As i type this all I can see in my mind is her singing in my room to J-Lo's "Im Real" and trying on my hats. She was my star, and she shined so bright around me. Each and every time I lost her, the feelings I fathomed were foreign and cold. In this car, I knew this argument was about to emerge, so I maintained my silence until the very last 30 minutes of the car trip, I knew what would happen. We would argue, she would tell me I was been an idiot, insensitive and a prick and we would fight to the other side where we would see the silliness and realise we are better than this. Naturally she would have to fight the stubborn me, which was present for the last 36 hours, since my ego received the news about her following her heart in the industry she loved so much, she was right to want to pursue her dreams, and who was I to interfere? That day I did not think this, I thought the opposite. I believed the choice was simple. Choose Love. Choose me! Done and dusted. What is there to think about, right? Unfortunately, only now I can see how wrong that train of thoughts really was. She probably says this is why I lost her to him, but I do not agree. Only a coward runs to another man's arms and surrenders because they cannot handle the uncertainty of a bumpy road. Some people like the subtle obvious consistency of black and white, and false facades as opposed to a life in the grey and a road filled with challenges, rainbows and pots of gold. I am a dreamer. For this i am never sorry. predicatble lifestyles are for the weak and pathetic.

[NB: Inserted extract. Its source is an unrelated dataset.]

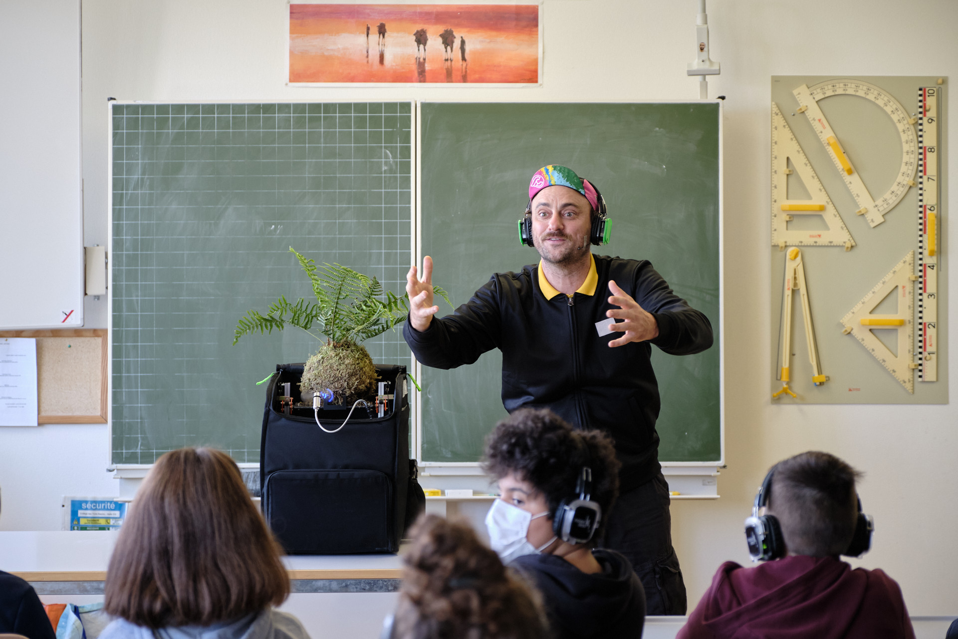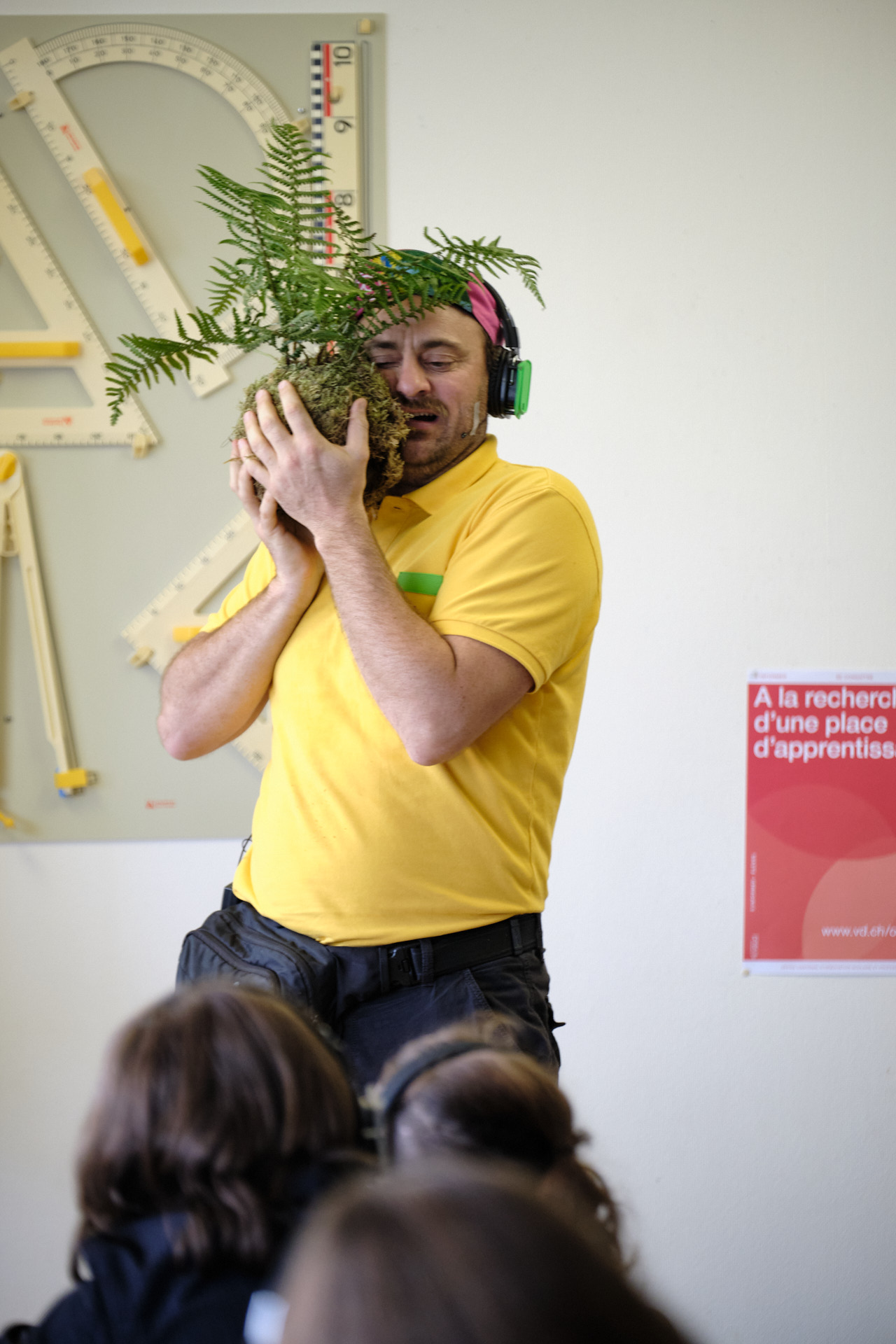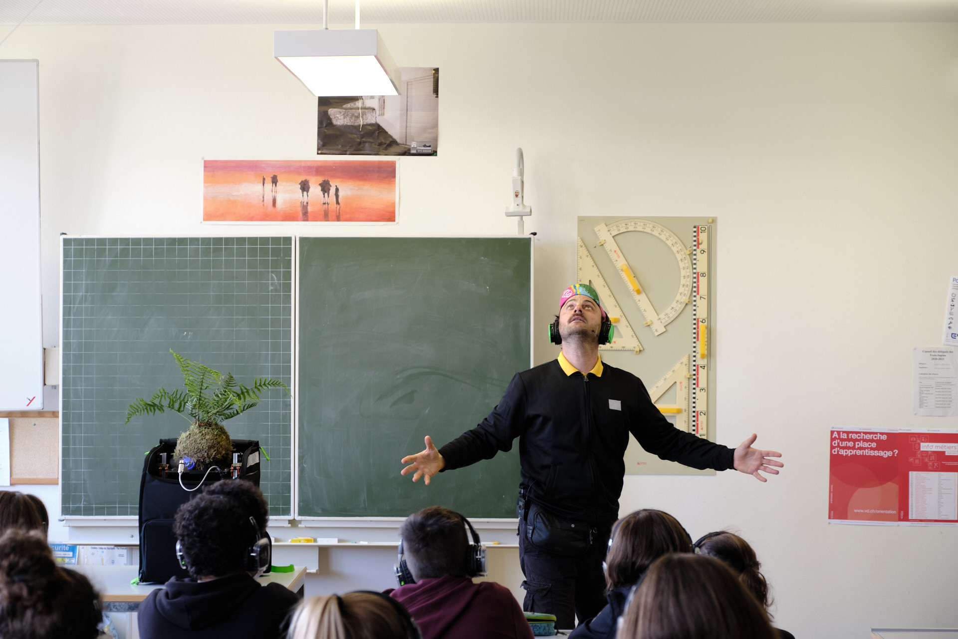 Coutumier des salles de théâtre obscurcies où il fait bon avoir repéré l’espace avant le début du filage, Philippe Weissbrodt se retrouve dans une salle de cours du Collège des 3 Sapins, à Échallens, avec deux classes secondaires le temps d’une représentation d’Arboresence programmée; un spectacle atour de l’écologie de Muriel Imbach, pensé “hors les murs” et produit par le Théâtre Vidy-Lausanne…

We began the confrontation and I began my ego trip, I began my stubborn arguments. During the argument she was texting, in a way where her phone was hidden so I wouldn't see who it was. The beauty with mobile phones being used in cars on cold days is the light's reflection on the window. It was him. She was messaging him. 'Organising to see him' i thought to myself. I was probably right, i also thought. During the reasons my ego was creating, she had one deep breath and filled the silence. She had one simple statement, which was nor an argument or a discussion. She ended us. She told me this was not what she needed while she tried to decided what path she needed her career to take. I simply said the words that any stubborn person loves and those words were "fine, whatever!" She dropped me in front of my house, and I simply said "is this it, is this a 'see you later' or 'good bye'?
She looked away and slowly released: 'Its good bye, and I have to get going.'
I stepped out of her car as I watched her drive off, I was angry, hurt and suspicious. I went inside to an empty home, and threw my bags on the bed. I rang a Uni friend that was coming out with me on the coming Thursday. I asked him to come to my home before the show to discuss something we used to joke about at University. I opened my laptop and searched my collection of University e-mails, flicked though all the e-mails until I found the one I needed. I replied to it with grave interest on behalf of myself and my friend.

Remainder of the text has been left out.